Clark, G., Mauk, B. H., Kollmann, P., Paranicas, C., Bagenal, F., Allen, R. C., et al. (2020). Heavy Ion Charge States in Jupiter's Polar Magnetosphere Inferred From Auroral Megavolt Electric Potentials. Journal of Geophysical Research: Space Physics, 125(9): e2020JA028052. doi:10.1029/2020JA028052.

Cite as: https://hdl.handle.net/21.11116/0000-0007-0AB1-6

Abstract

In this paper, we exploit the charge‐dependent nature of auroral phenomena in Jupiter's polar cap region to infer the charge states of energetic oxygen and sulfur. To date, there are very limited and sparse measurements of the >50 keV oxygen and sulfur charge states, yet many studies have demonstrated their importance in understanding the details of various physical processes, such as X‐ray aurora, ion‐neutral interactions in Jupiter's neutral cloud, and particle acceleration theories.

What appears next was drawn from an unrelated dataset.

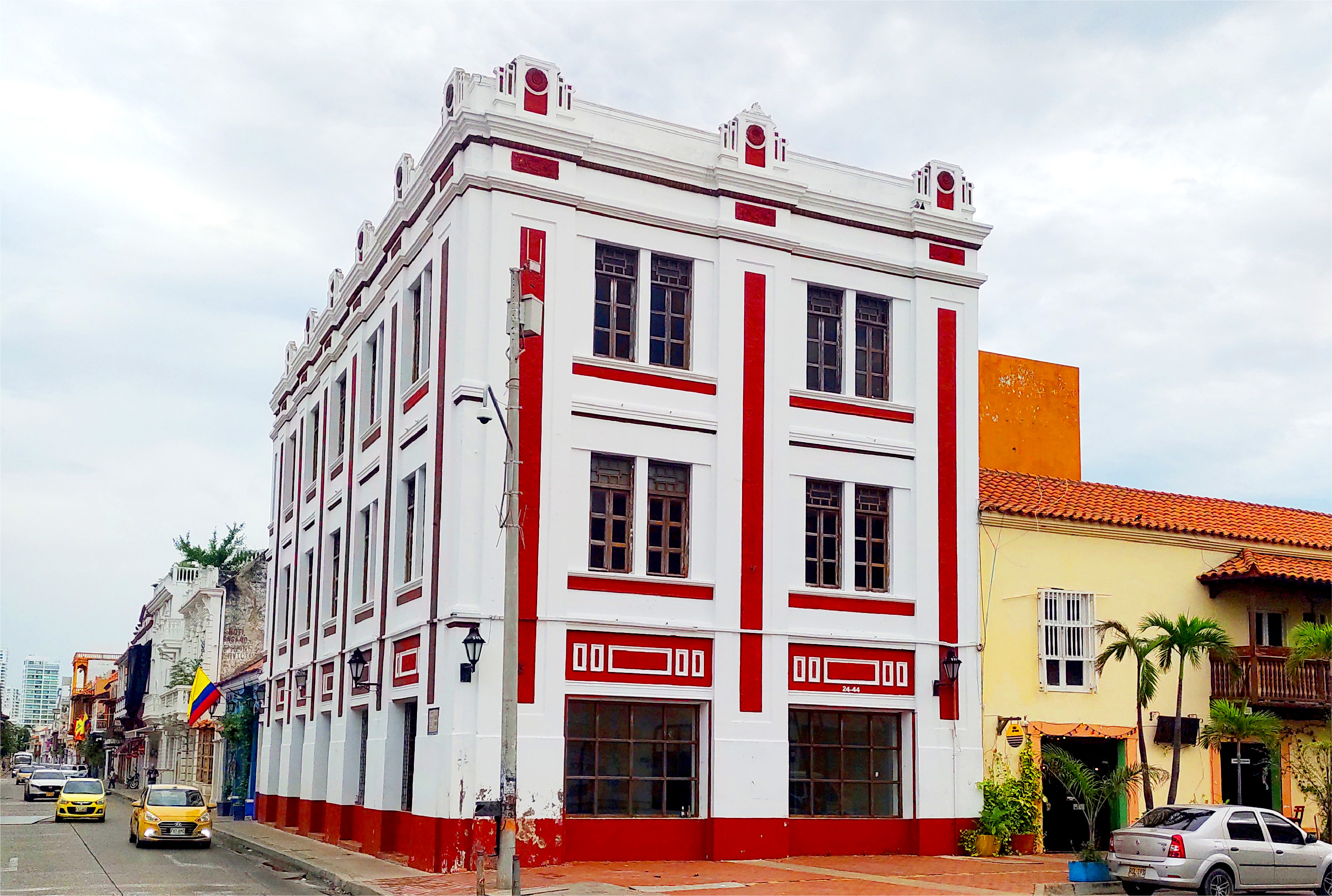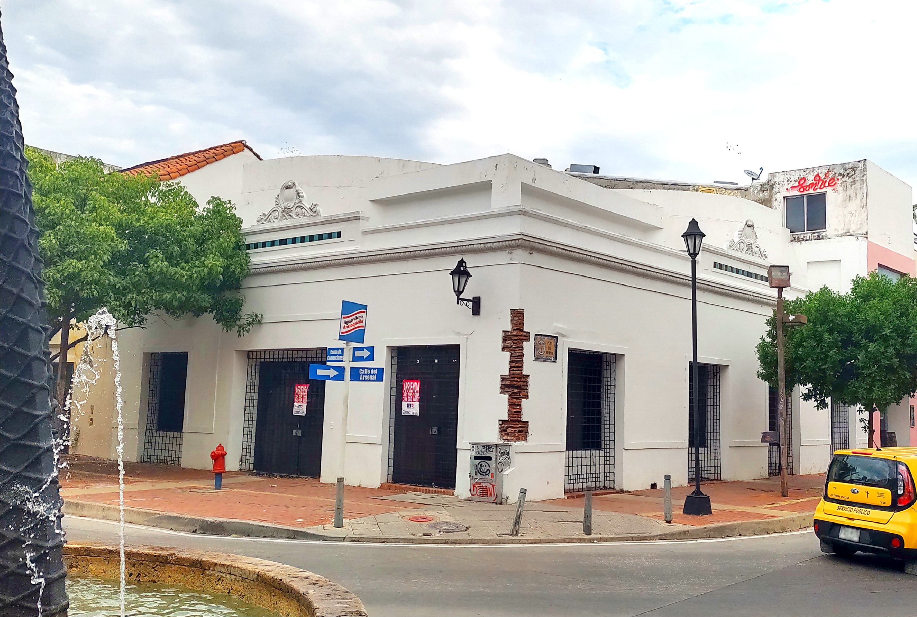 Aquí quedaba la casa de vivienda del prócer Pedro Romero, cuyo taller se ubicaba un poco más arriba por la calle Larga. El edificio actual pudo haber sido construido a mediados del siglo pasado, pues no se le ve en las primeras aerofotografías de la ciudad. En épocas del Mercado Público allí funcionó La Colombiana, que vendía productos de abasto en el día y al caer la tarde ponía unas mesas donde servían comida regional como venado, guartinaja o tortuga. Hoy es una de las sedes de la Universidad Rafael Nuñez, que también ocupó el claustro de San Francisco por algunos años.

In this contribution, we develop a technique to determine the most abundant charge states associated with heavy ions in Jupiter's polar magnetosphere. We find that O+ and S++ are the most abundant and therefore iogenic in origin. The results are important because they provide (1) strong evidence that soft X‐ray sources are likely due to charge stripping of magnetospheric ions and (2) a more complete spatial map of the oxygen and sulfur charge states, which is important for understanding how the charge‐ and mass‐dependent physical processes sculpt the energetic particles throughout the Jovian magnetosphere.